**TASK TO COMPLETE:** An unchanged copy of all the lines below is expected, and it should contain no pictures.
### GIVEN INFORMATION
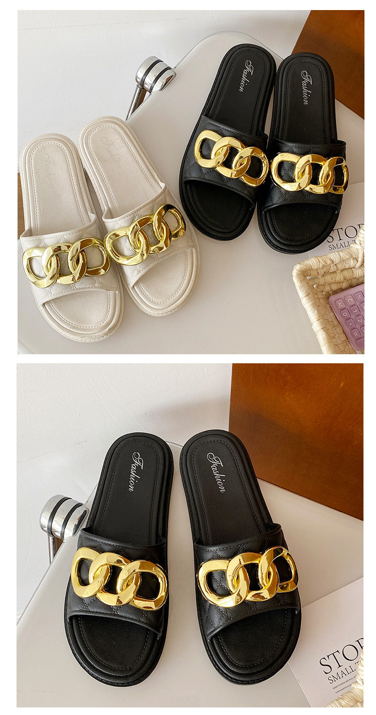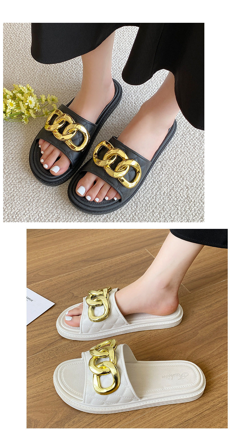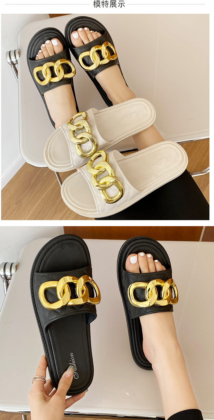 Internet Celebrity Popular Thick-Soled Slippers for Women's Summer Outer Wear, Fashionable and Trbottomyy Casual Flats-Soled Non-Slip Soft-Soled Slippers for Women
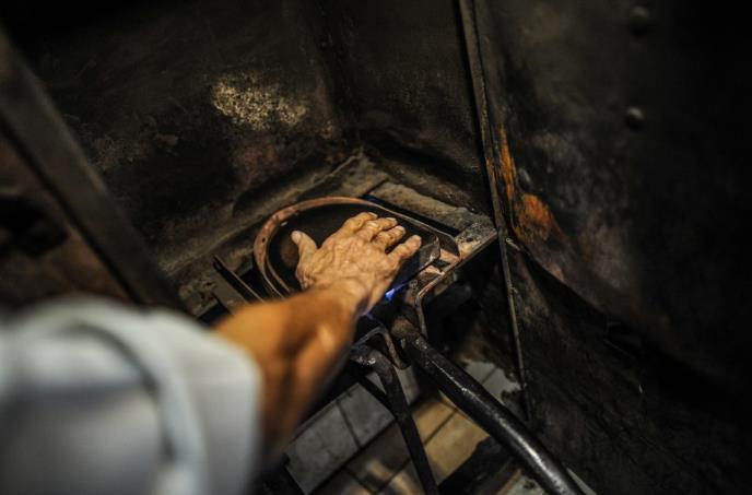 "Moja stara pegla teška je 30 kilograma, a dodatno je težom činim potiskivanjem nogom preko odeće. Peglu prvo zagrijem na vatri, a pošto ona nema sistem za prskanje odeće vodom i to ja moram raditi tako što iz usta prskam vodu pre peglanja. Nakon prskanja odeću peglam zagrejanom peglom", objasnio je Salih.
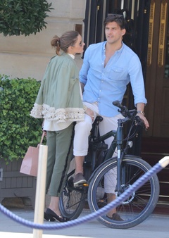 Olivia Palermo caluje sie z mezem na ulicy w Paryzu
######
**ANSWER TO THIS PROBLEM:**
 Internet Celebrity Popular Thick-Soled Slippers for Women's Summer Outer Wear, Fashionable and Trbottomyy Casual Flats-Soled Non-Slip Soft-Soled Slippers for Women
 "Moja stara pegla teška je 30 kilograma, a dodatno je težom činim potiskivanjem nogom preko odeće. Peglu prvo zagrijem na vatri, a pošto ona nema sistem za prskanje odeće vodom i to ja moram raditi tako što iz usta prskam vodu pre peglanja. Nakon prskanja odeću peglam zagrejanom peglom", objasnio je Salih.
 Olivia Palermo caluje sie z mezem na ulicy w Paryzu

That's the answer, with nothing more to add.